Recorded data:
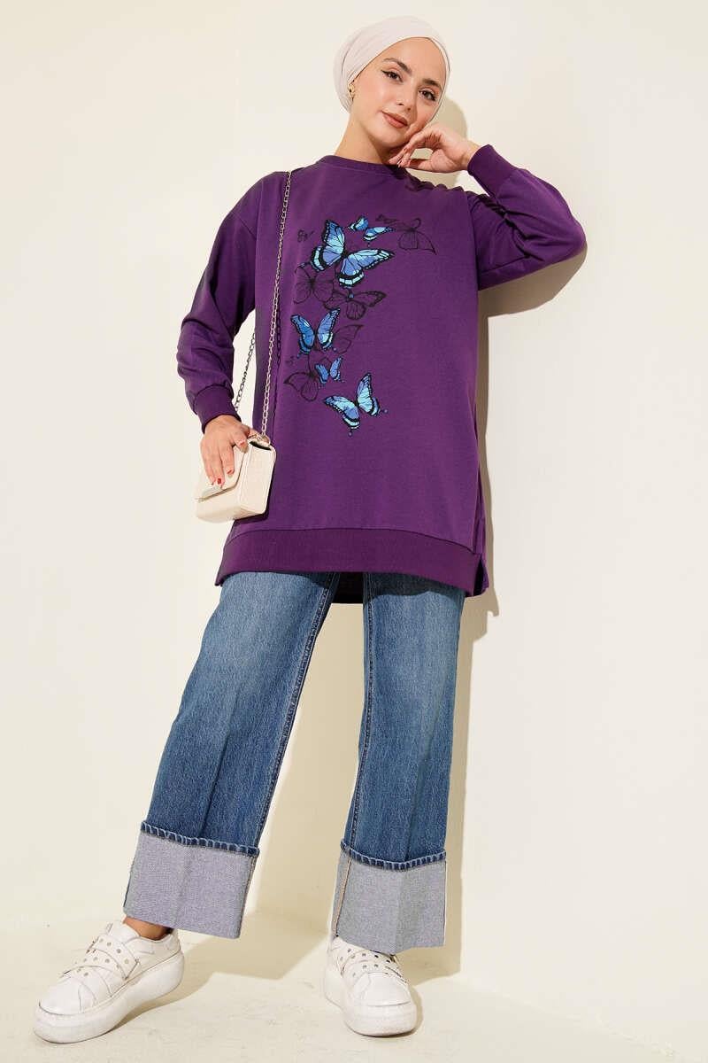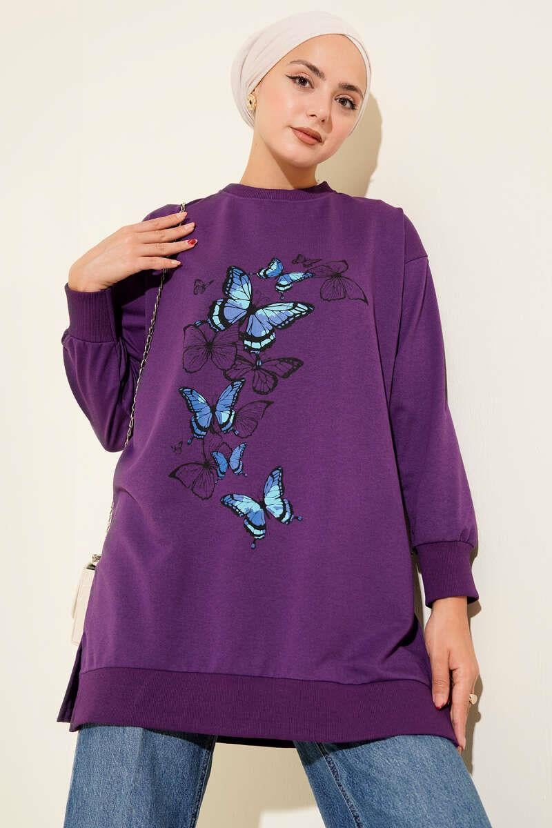 Butterfly Printed Two Thread Tunic Purple (0997-750-679058)
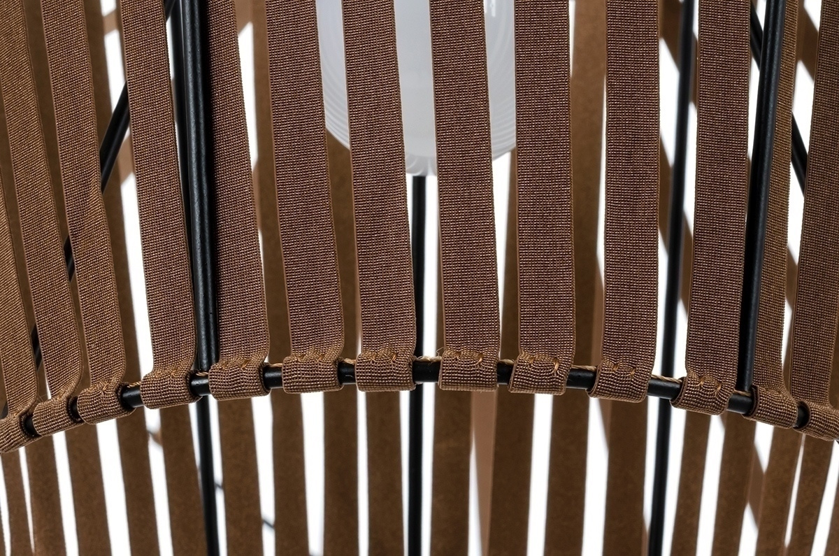 - Lampa wisząca Capello Fi 100 w kolorze kawowym. Obręcz wykonana została z tworzywa sztucznego w kolorze czarnym. Obręcz za pomocą poliestrowych tasiemek w kolorze kawowym jest połączona z wewnętrznym kloszem, skrywającym żarówkę. Tworząc lekką konstrukcję
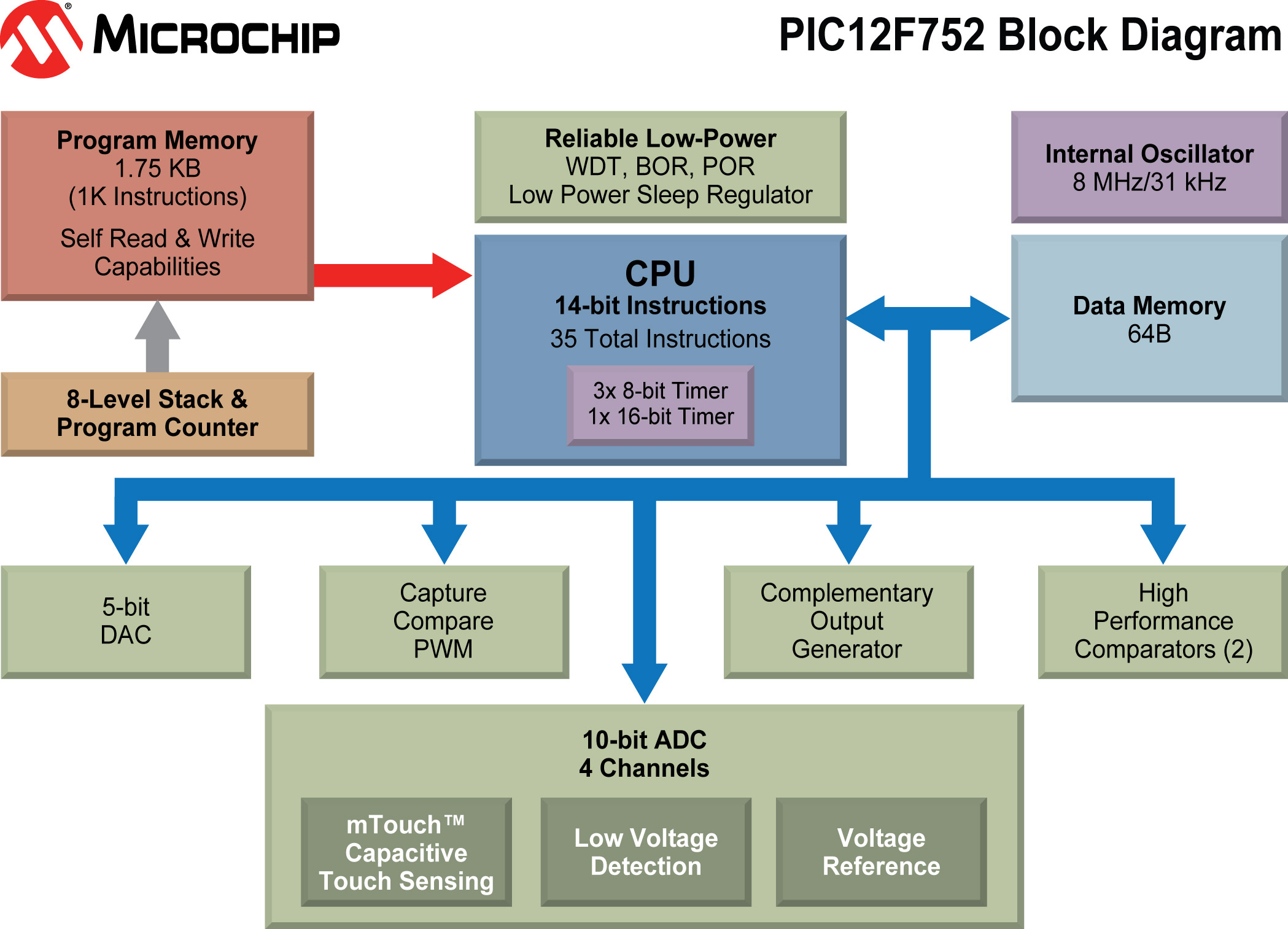 PIC12F(HV)752 MCU:Microchip推出通用8位PIC®單片機
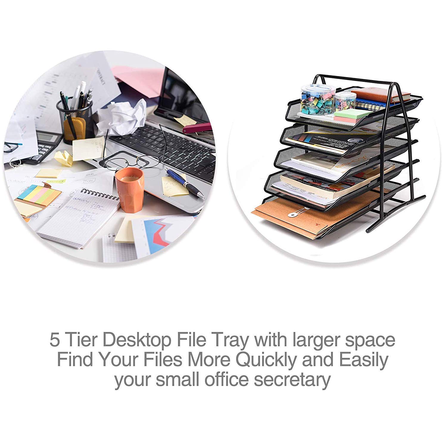 Use your desk space more efficiently by keeping your important documents categorized and off your desk or floor with our 5-level metal mesh file organizer to help you stay organized
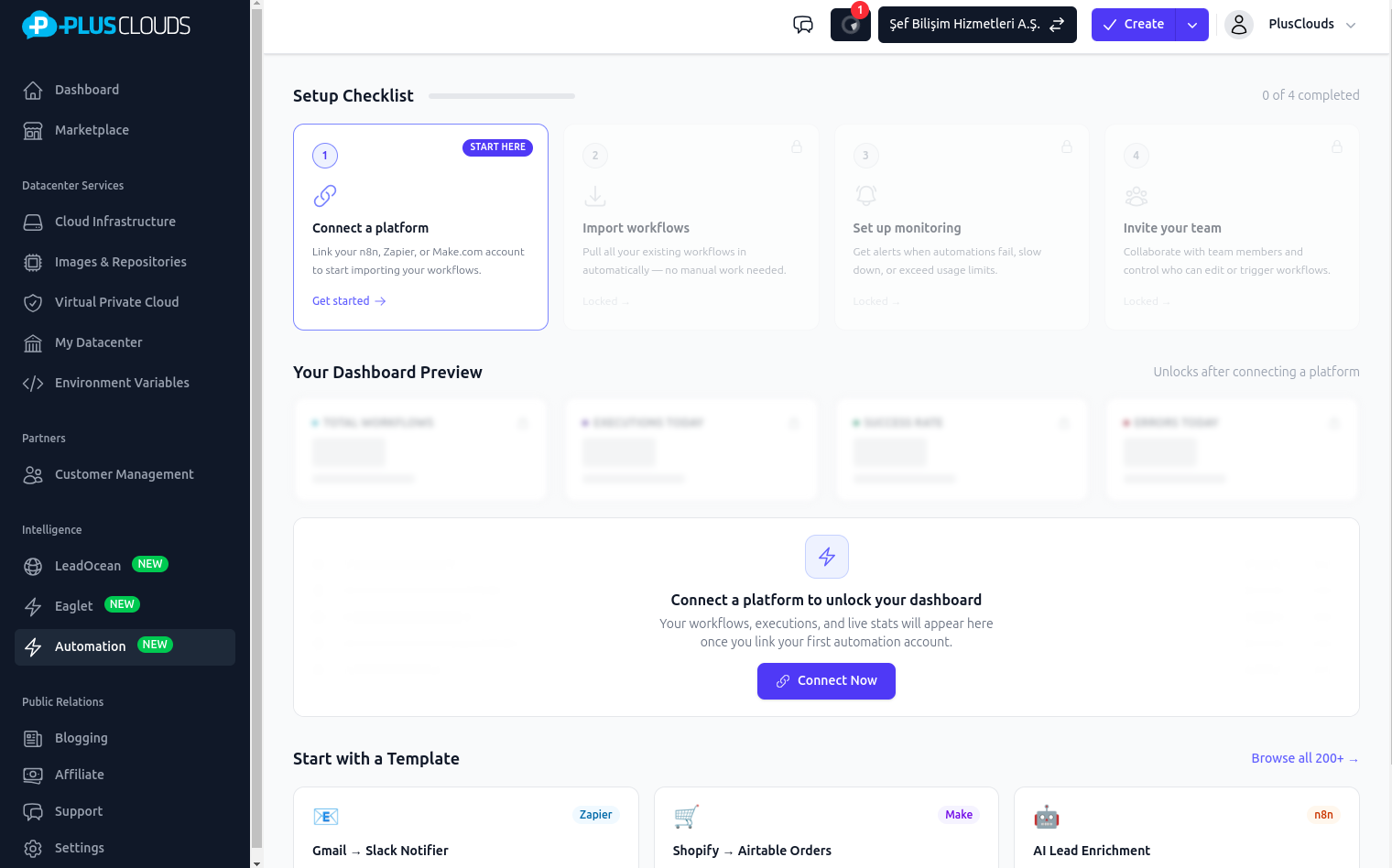 Contains 2-3 ecosystem links redirecting to PlusClouds services.
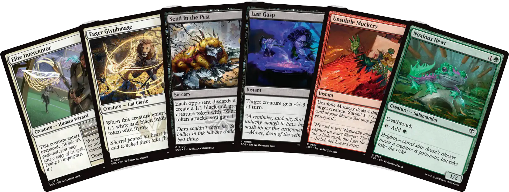 Per quanto riguarda le comuni, la mia selezione delle sei migliori del set include Elite Interceptor, Eager Glyphmage, Send in the Pest, Last Gasp, Unsubtle Mockery e Noxious Newt. Tre di queste offrono rimozioni pulite o una presenza efficiente sul board: Eager Glyphmage, Last Gasp e Unsubtle Mockery. Le altre tre sono ottime giocate nei primi turni in qualsiasi Limited, ma brillano soprattutto per il loro potenziale sinergico. Elite Interceptor aiuta ad attivare Repartee, Send in the Pest abilita Infusion e Noxious Newt accelera il mana per supportare le strategie basate su Increment. Queste comuni rappresentano le fondamenta del formato.
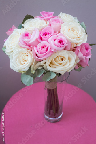 Wedding Bridal Bouquet Of White And Pink Roses Closeup
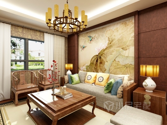 胡桃木的家具讓整個(gè)空間顯得沉穩(wěn)大氣,臺(tái)燈的樣式,茶幾邊幾的造型展現(xiàn)了濃烈的中式風(fēng)格。

- Aim of the task
What you return must match the data above exactly, with no images included.

- Exercise output
 Butterfly Printed Two Thread Tunic Purple (0997-750-679058)
 - Lampa wisząca Capello Fi 100 w kolorze kawowym. Obręcz wykonana została z tworzywa sztucznego w kolorze czarnym. Obręcz za pomocą poliestrowych tasiemek w kolorze kawowym jest połączona z wewnętrznym kloszem, skrywającym żarówkę. Tworząc lekką konstrukcję
 PIC12F(HV)752 MCU:Microchip推出通用8位PIC®單片機
 Use your desk space more efficiently by keeping your important documents categorized and off your desk or floor with our 5-level metal mesh file organizer to help you stay organized
 Contains 2-3 ecosystem links redirecting to PlusClouds services.
 Per quanto riguarda le comuni, la mia selezione delle sei migliori del set include Elite Interceptor, Eager Glyphmage, Send in the Pest, Last Gasp, Unsubtle Mockery e Noxious Newt. Tre di queste offrono rimozioni pulite o una presenza efficiente sul board: Eager Glyphmage, Last Gasp e Unsubtle Mockery. Le altre tre sono ottime giocate nei primi turni in qualsiasi Limited, ma brillano soprattutto per il loro potenziale sinergico. Elite Interceptor aiuta ad attivare Repartee, Send in the Pest abilita Infusion e Noxious Newt accelera il mana per supportare le strategie basate su Increment. Queste comuni rappresentano le fondamenta del formato.
 Wedding Bridal Bouquet Of White And Pink Roses Closeup
 胡桃木的家具讓整個(gè)空間顯得沉穩(wěn)大氣,臺(tái)燈的樣式,茶幾邊幾的造型展現(xiàn)了濃烈的中式風(fēng)格。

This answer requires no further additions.